*** Opening Recorded data ***

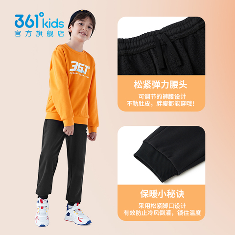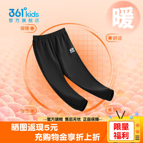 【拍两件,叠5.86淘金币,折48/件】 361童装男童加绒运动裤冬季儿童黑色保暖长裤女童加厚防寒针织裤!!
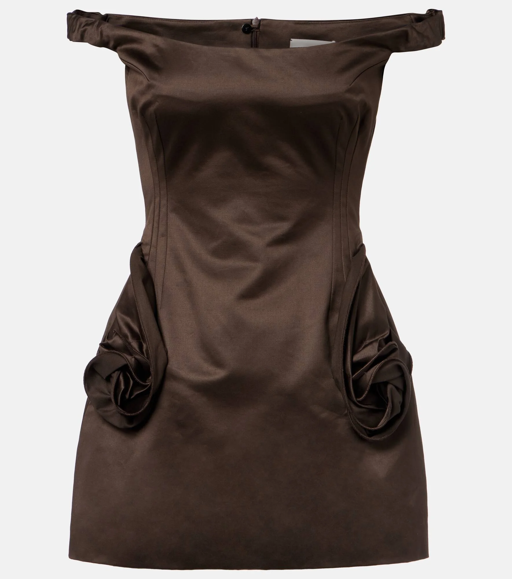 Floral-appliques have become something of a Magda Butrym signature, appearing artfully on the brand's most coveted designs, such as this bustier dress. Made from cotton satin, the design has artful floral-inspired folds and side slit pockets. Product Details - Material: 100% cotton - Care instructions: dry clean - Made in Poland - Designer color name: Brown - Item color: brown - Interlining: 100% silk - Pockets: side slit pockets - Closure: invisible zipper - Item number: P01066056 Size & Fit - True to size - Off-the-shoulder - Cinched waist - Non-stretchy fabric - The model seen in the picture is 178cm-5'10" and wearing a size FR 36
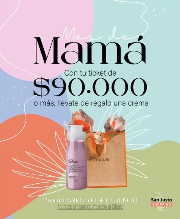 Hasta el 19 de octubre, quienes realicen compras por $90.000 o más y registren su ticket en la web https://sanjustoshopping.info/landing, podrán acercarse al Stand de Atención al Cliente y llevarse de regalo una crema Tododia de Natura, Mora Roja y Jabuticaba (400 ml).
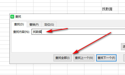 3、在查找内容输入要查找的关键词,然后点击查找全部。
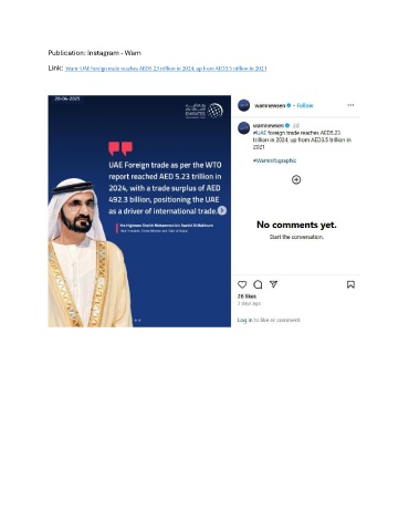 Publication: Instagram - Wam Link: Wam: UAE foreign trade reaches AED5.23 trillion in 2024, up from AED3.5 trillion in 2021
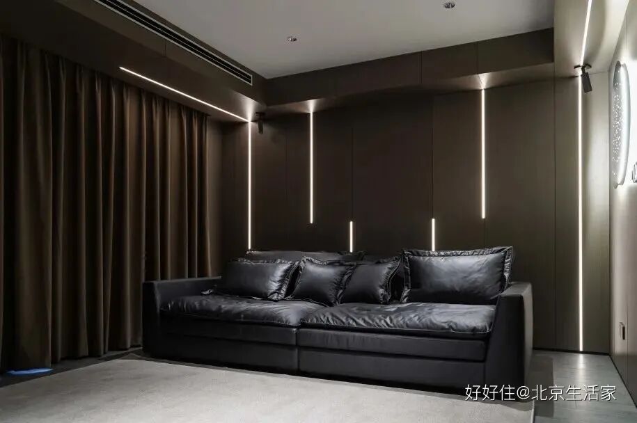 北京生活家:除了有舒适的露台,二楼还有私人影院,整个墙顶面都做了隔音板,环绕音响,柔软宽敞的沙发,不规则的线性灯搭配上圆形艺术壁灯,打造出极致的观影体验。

*** Closing Recorded data ***
*** Opening Recorded data ***

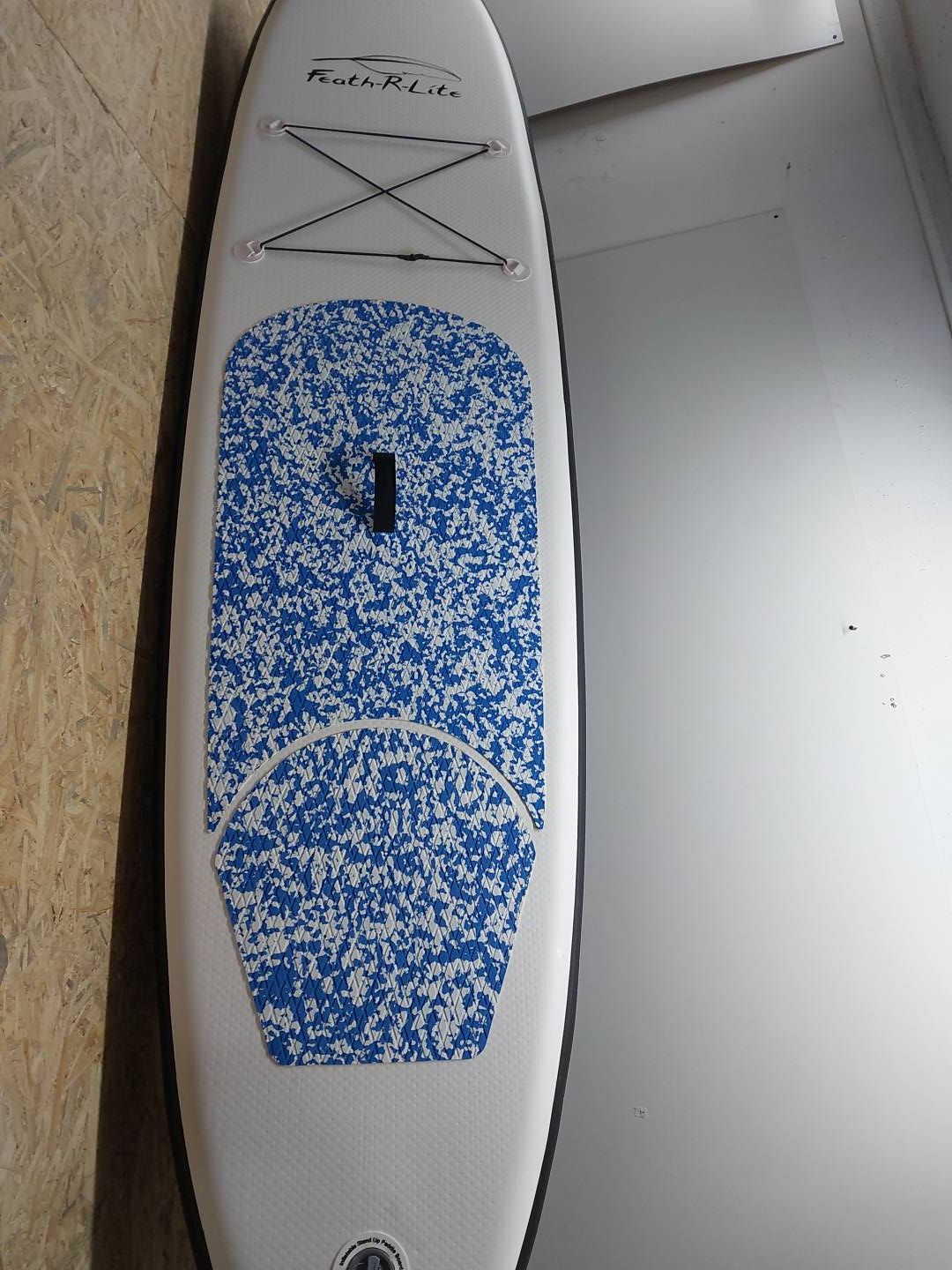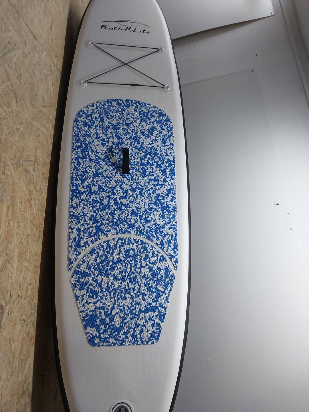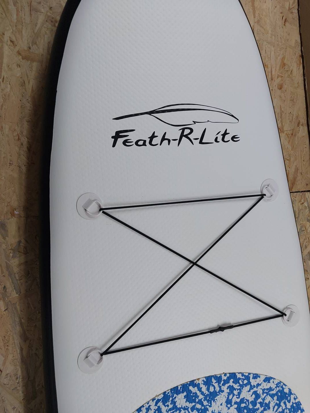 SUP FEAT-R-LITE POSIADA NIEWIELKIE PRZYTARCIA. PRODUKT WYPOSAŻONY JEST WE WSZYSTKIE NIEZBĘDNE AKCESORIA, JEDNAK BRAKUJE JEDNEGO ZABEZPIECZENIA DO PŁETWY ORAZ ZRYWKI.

*** Closing Recorded data ***

> [Problem details] All that is wanted is the lines above between the one containing "Publication: Instagram - Wam" and the one containing "北京生活家:除了有舒适的露台", inclusive, restated word for word, with pictures omitted.

> [Solution below]
 Publication: Instagram - Wam Link: Wam: UAE foreign trade reaches AED5.23 trillion in 2024, up from AED3.5 trillion in 2021
 北京生活家:除了有舒适的露台,二楼还有私人影院,整个墙顶面都做了隔音板,环绕音响,柔软宽敞的沙发,不规则的线性灯搭配上圆形艺术壁灯,打造出极致的观影体验。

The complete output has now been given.